Structuring Your Knowledge Base - Detailed

To get the most out of your conversational AI, it's important to structure your knowledge base properly. Here are some common mistakes and best practices:

When you first start using the service, you'll receive a conversational AI with general world knowledge. To make it useful for your business, you'll need to add your specific knowledge to it.

Follow these best practices for optimal performance when building your text knowledge base in murai.

  1. Use clear wording, correct grammar, and avoid typos.
  2. Pay special attention to potentially confusing paragraphs.
  3. Include links within text and explain what they contain.
  4. Provide general information first, followed by details.
  5. Turn multiline lists into comma-separated ones.
  6. Use just plain text.
  7. Provide just answers; question and answer pairs are unnecessary.
  8. Provide context for each paragraph.
  9. Build tree like structure.

What is a Knowledge Base?

A knowledge base is a repository of useful data for your business.
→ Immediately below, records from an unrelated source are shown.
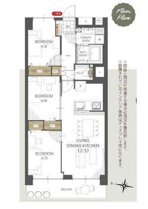 | 専有面積 | 60.5m2(壁芯) | バルコニー面積 | 7.15m2 |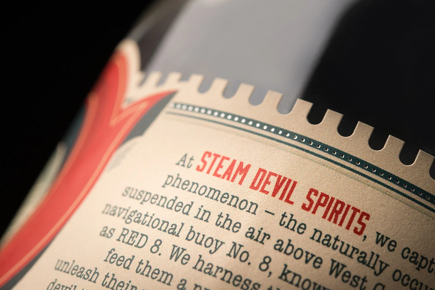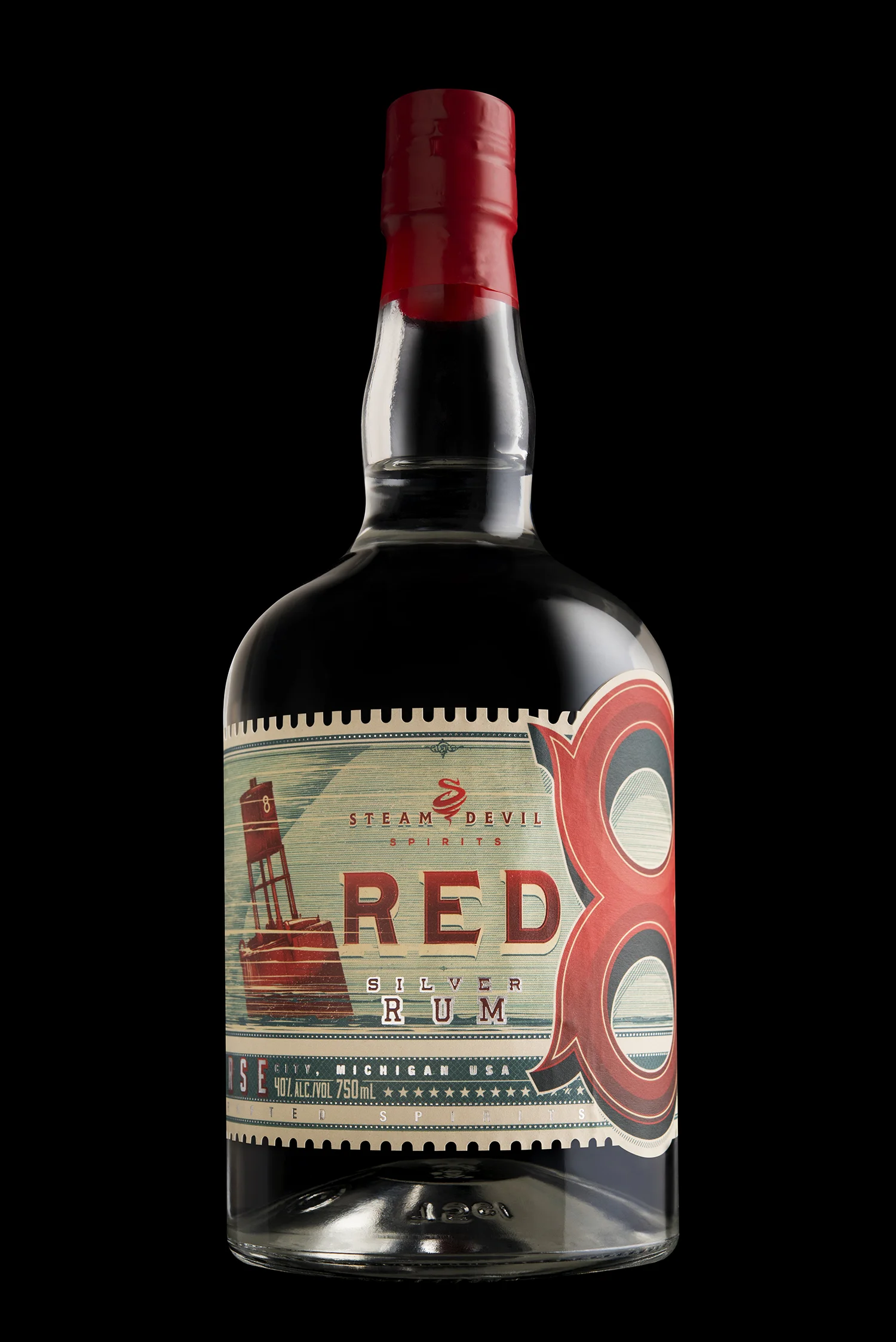 Steam Devil Spirits was a short-lived distillery on the shores of Lake Michigan in Traverse City, we designed a label that showcases the local landmark “Red 8” buoy – not just the namesake of this silver rum, but the location around which wild yeast was collected from the air and used in the rum’s fermentation process.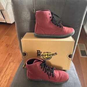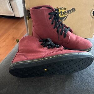 Women’s Dr Martens Shoreditch Cherry Red Rouge Canvas Boots Sz 7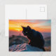 Carte postale silhouette de chat noir au coucher d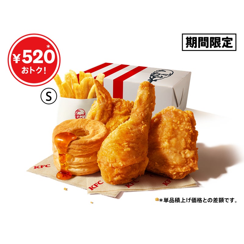 「ファン感謝祭パック」は、KFC自慢の商品、「オリジナルチキン」3ピースと「ポテト(S)」、「ビスケット」が入って520円※2もおトクなパックです。「オリジナルチキン」は、創業者カーネル・サンダースから受け継いだ調理法により、今もなお変わらぬ味わいをお楽しみいただけるKFC唯一無二の逸品です。「オリジナルチキン」との相性を考えて味付けした「ポテト」、カーネル秘伝のオリジナルレシピをもとに、より味わい深くアレンジされた「ビスケット」は、表面サクサク中はしっとりとした生地に、特製ハニーメイプルをかけてお召し上がりいただくKFCオリジナルの人気商品です。

It is an essential tool for businesses that require quick and easy access to relevant information. To create a comprehensive knowledge base, aim for a length of up to 150 words, with each paragraph consisting of up to 8-10 sentences, or around 1000 characters. You can use various data structures such as notes, internal documentation, conversations, transcripts, articles, presentations, spreadsheets, and PDFs to achieve this goal.

Copying the Raw Text

To start creating your knowledge base, you can copy all the text from your FAQ pages into a single document. However, there are several issues with using raw text directly in your knowledge base. To address these issues, you need to follow these best practices:

1. Use Clear Wording and Correct Grammar

When writing your knowledge base, it's important to use clear wording, correct grammar, and avoid typos. Unclear wording, incorrect grammar, and typos can all make it harder for the AI to understand the points conveyed in your knowledge base. Imperfect translation may change the original meaning and cause the AI to answer incorrectly in conversations. To ensure optimal performance, it is advisable to create your knowledge base in English, although you may also use other languages. It is also possible for a single knowledge base to support multiple languages.

A typo can change the meaning of a sentence. For example, the sentence "I saw her duck" has a completely different meaning than "I saw her, Duck."
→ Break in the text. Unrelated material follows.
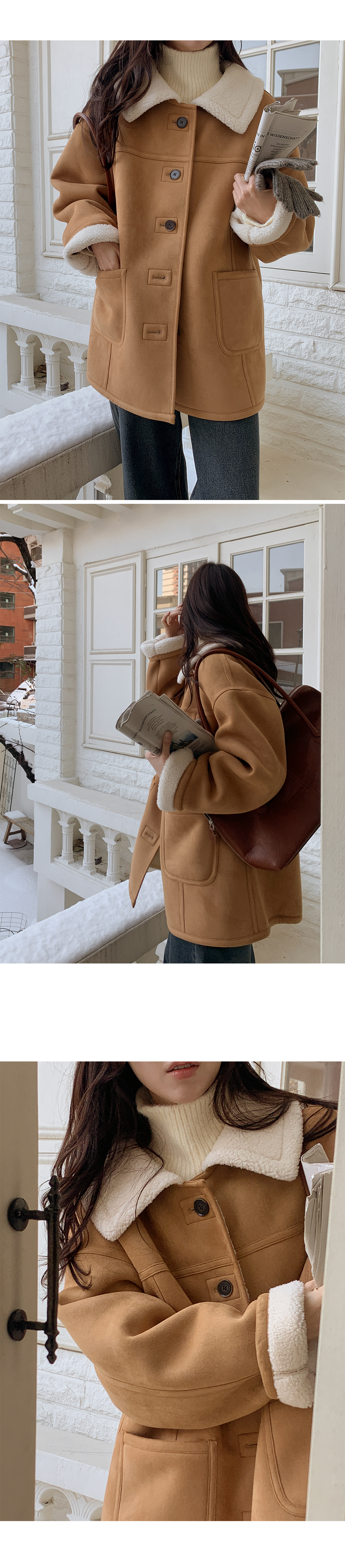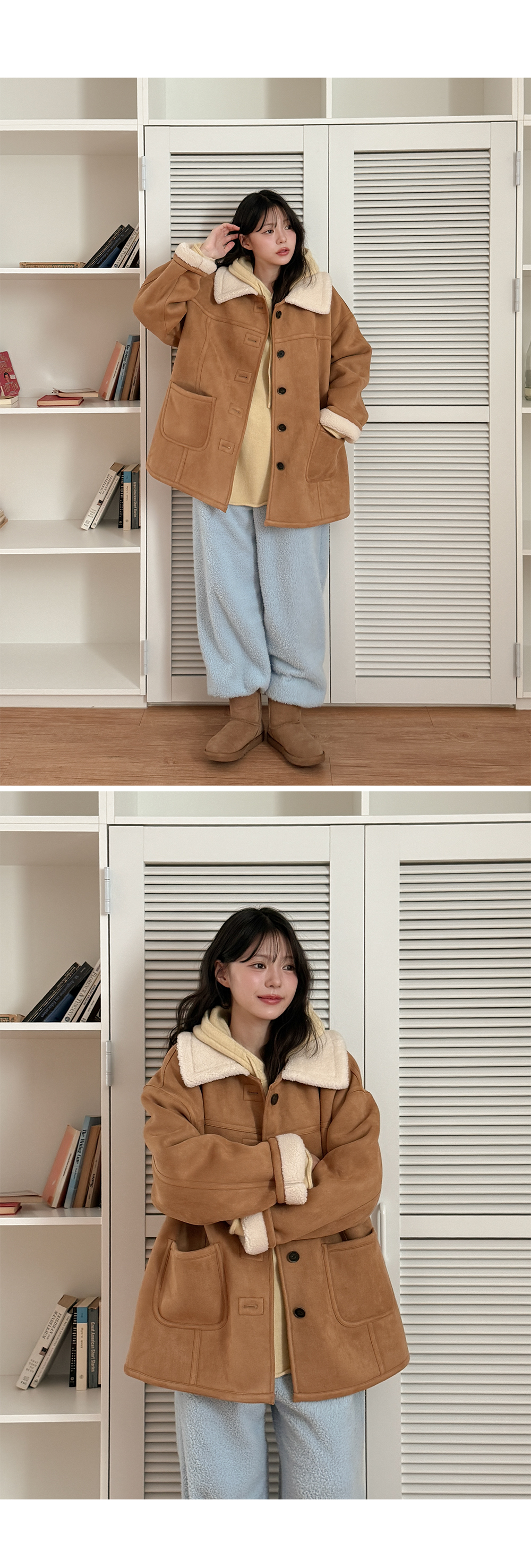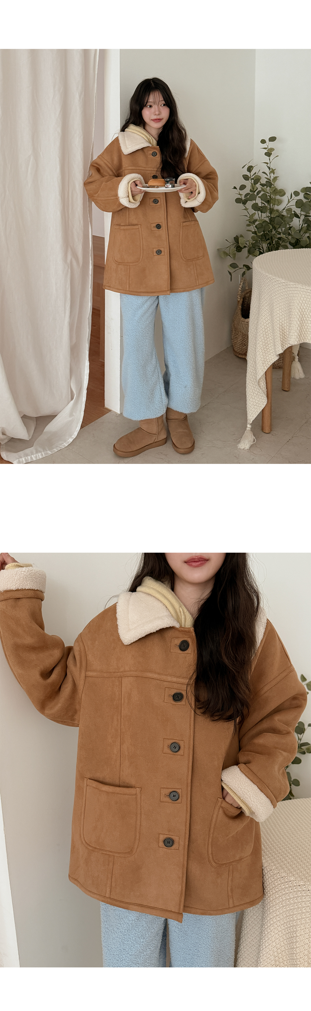 입는 순간 따스함이 채워지는 하프 무스탕 자켓이에요.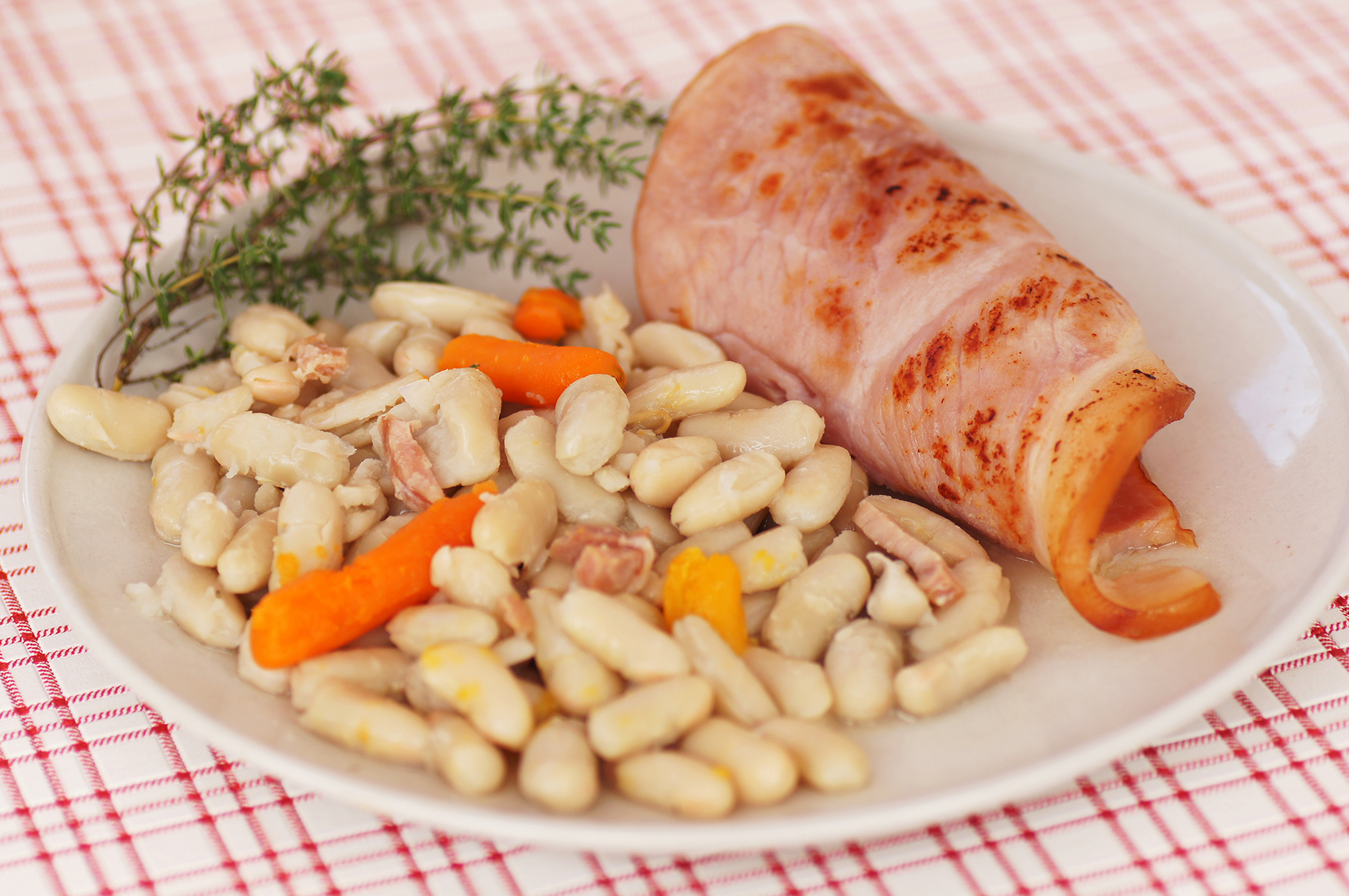 Ingrédients : Pain de campagne, ail, beurre demi-sel, persil, mogettes cuites, jambon à cuire.

2. Avoid Confusing Paragraphs

Make sure your paragraphs are clear and logically organized. If the text is unclear or self-contradictory, the AI will not be able to use common sense to figure out what you meant. When in doubt, provide more explanation. For example, if the first sentence might be confusing, provide additional context to avoid misunderstandings.
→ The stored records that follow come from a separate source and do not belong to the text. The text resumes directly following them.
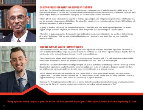 EMERITUS PROFESSOR INVESTS IN FUTURE OF STUDENTS For 26 years, Dr. Raghupathy Bollini taught electrical and computer engineering in the School of Engineering. Bollini retired as the chair of the Department of Electrical and Computer Engineering in 1999 and maintains his commitment to helping the University reach greater heights. As such, he established the Raghupathy and Sailarani Bollini Endowed Scholarship. Bollini’s gift will ensure scholarships for computer or electrical engineering students with preference given to those with financial need and first generation college students. Bollini hopes the scholarship, which is open to continuing students with a 3.0 GPA or higher, will help deserving students to achieve their goals. By giving an endowed scholarship, the Bollinis have established a permanent asset from which engineering students can receive support. The gift is invested for growth, the revenue of which then provides annual scholarships on a continual basis. “The School of Engineering gave me the financial security and freedom to achieve everything in my life, and this is the least I could do to repay,” Bollini said. “SIUE is a great educational institution, and I am proud to have taught there and been a part of its impressive growth.”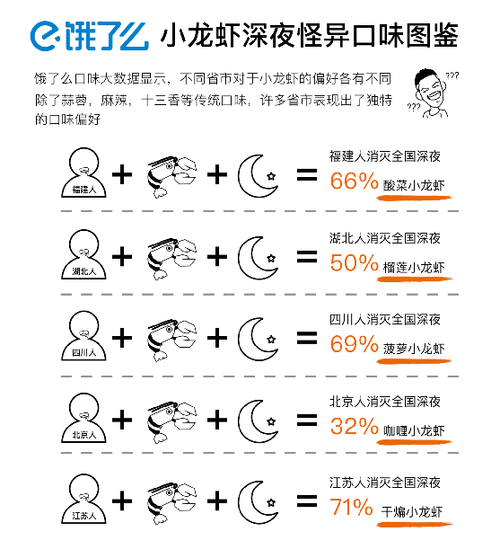 湖北人则把对榴莲的喜爱创新融入到小龙虾中。报告显示,湖北人消费了全国深夜50%的榴莲小龙虾;与湖北一样,四川人把对菠萝的热爱与小龙虾结合,菠萝小龙虾广受吃货欢迎,四川吃货消费了全国深夜69%的菠萝小龙虾,比例居全国第一;尽管东北人喜欢吃酸菜,但酸菜小龙虾却是福建人的喜爱口味。在深夜,全国每3只酸菜小龙虾中有2只是福建人吃掉的。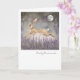 Detta charmiga tomma gratulationskort har en fantasifull illustration av en fläckig hare som hoppar graciöst över ett månbelyst landskap. Lila fält sträcker sig under en stjärnklar himmel och frammanar en lugn och magisk atmosfär. Konsten är delikat och folkligt inspirerad och fångar en känsla av rörelse och elegant elegans.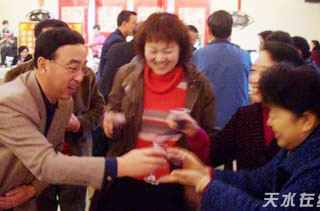 (中國(guó)之音總裁謝建華、農(nóng)民日?qǐng)?bào)甘肅記者站站長(zhǎng)吳曉燕、天水市國(guó)稅局局長(zhǎng)關(guān)云峰在天水市特殊教育學(xué)校)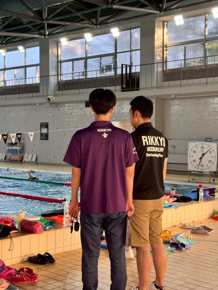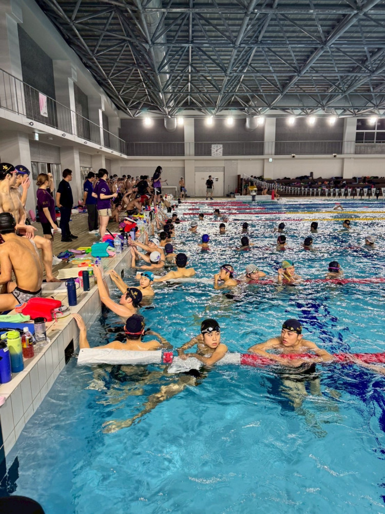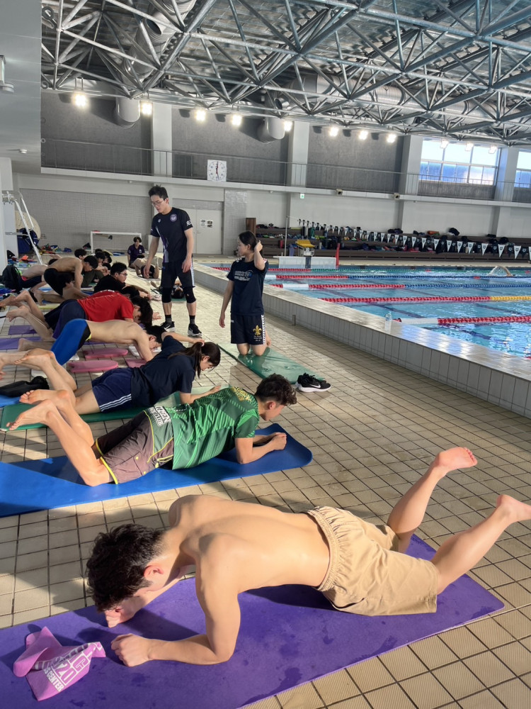 午後練習は、メイン練習でスタイル種目 50m x 60本を行いました。レースペースを意識しながら、持久力の向上を目指しました。お互いを鼓舞する声も自然と大きくなり、良い雰囲気の中で練習をすることができました。

Here is an example of a potentially confusing paragraph:

Make sure to follow the instructions for the installation of the software. If you run into any issues, contact customer support for assistance. The software is not designed to work on older operating systems.

This paragraph jumps from discussing installation instructions to contacting customer support to the software not working on older operating systems. To make it less confusing, it would be better to separate each topic into its own paragraph and provide additional context.

If you want to include links, it's important to explain what they contain. Instead of just pasting the link into the knowledge base, we recommend reformatting it into a single paragraph that explicitly points to the link as an additional resource.

For example, you can incorporate the question into the paragraph and rephrase the second sentence to point to a link included at the end. This way, the AI will be able to point to the link.

Here is an example:

Bad:

Q: How do I reset my password?

A: To reset your password, go to our password reset pageopen in new window and follow the instructions.

Good:

If you want to reset your password, you can access the detailed instructions at https://www.example.com/reset-password.

4. Provide General Information First

Another good practice is to provide general information first and only go into details as a follow-up. Try providing information in logical order - from general to more detailed.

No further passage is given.